Musimy wychować kolejne pokolenia, które nie kupią nienawistnej narracji i będą umiały poruszać się w świecie mądrego aktywizmu. Do takich spraw przyda się literatura. Pisałam już (i jeszcze będę pisać!) o książkach dla dzieci, które pomagają zobaczyć świat bardziej różnorodnym, niż biało-czerwona pocztówka propagandowa, a dzisiaj pokażę Wam książkę kierowaną do nastolatek i młodych kobiet, choć będącą poradnikiem dla każdego człowieka, dowolnej płci, który chce podejść poważnie do tematu zmieniania świata swoimi działaniami.


Książkę dostałam od wydawnictwa Nowa Baśń, za co bardzo dziękuję, ale nie napisałabym o niej, gdyby nie wpisywała się w to, czym zajmuję się na tej stronie. A wszyscy stali czytelnicy już chyba wiedzą, że jestem całym sercem za literaturą, która uwrażliwia na zło i promuje równość.

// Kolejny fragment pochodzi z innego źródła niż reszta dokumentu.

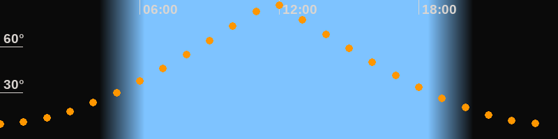 | Höchster Stand (Kulmination) | 11:43 Uhr (h = 88,4°) |

"Poradnik młodej aktywistki" to książka, która jest instruktażem dla tworzenia grup wsparcia. Tłumaczy, czym jest aktywizm, opowiada skąd się biorą nierówności i dlaczego kobiety wciąż muszą walczyć o lepszy świat dla siebie i swoich dzieci. Jest parę słów o postaciach historycznych (tutaj wydawca zadbał, by polskie czytelniczki i czytelnicy dowiedzieli się też czegoś z naszego podwórka - wspomina np. o pierwszych polskich posłankach), o stereotypach płciowych i o tym, że język ma znaczenie i że czasami warto powiedzieć "drodzy goście", zamiast "panie i panowie", bo osoby niebinarne też istnieją.



Z książki dowiemy o się braku kobiet w rządach różnych krajów, o kulturze gwałtu i o tym, jak ważne jest porządne wychowanie seksualne - ale to dopiero wstęp. Wstęp do poradnika tworzenia własnych postulatów, określania celów i potrzeb, sposobów zdobywania pieniędzy na swoją działalność, metod pisania petycji i rodzajów protestów. Tutaj jest WSZYSTKO, czego potrzebuje świadoma obywatelka (i obywatel).

Młoda osoba dowie się z tej książki, jak organizować demonstracje i wiece, jak lobbować, agitować i jak komunikować się z mediami. 


Nie sposób wymienić całej znakomitej, uporządkowanej wiedzy, jaką da się znaleźć w "Poradniku". To książka wyjątkowa i unikatowa na polskim rynku. I tak bardzo potrzebna! Przydałoby się tam tylko dorzucić listę polskich organizacji, do których można się zwracać z różnymi sprawami, także z prośbą o pomoc prawną w razie aresztowania przez zdegenerowane władze.

Nastolatki, które teraz siedzą w domu i patrzą z bezsilnością na to, co się dzieje, mogą znaleźć w tej książce siłę do działania. Młode kobiety i młodzi mężczyźni, którzy nie wiedzieli, jak zabrać się do organizowania własnego ruchu obywatelskiego mogą zacząć od przeczytania "Dziewczyn" i znalezienia w nich czegoś, co odpowiada ich możliwościom działania.

Aktywizm jest ważny. Bez niego wkrótce staniemy się Białorusią.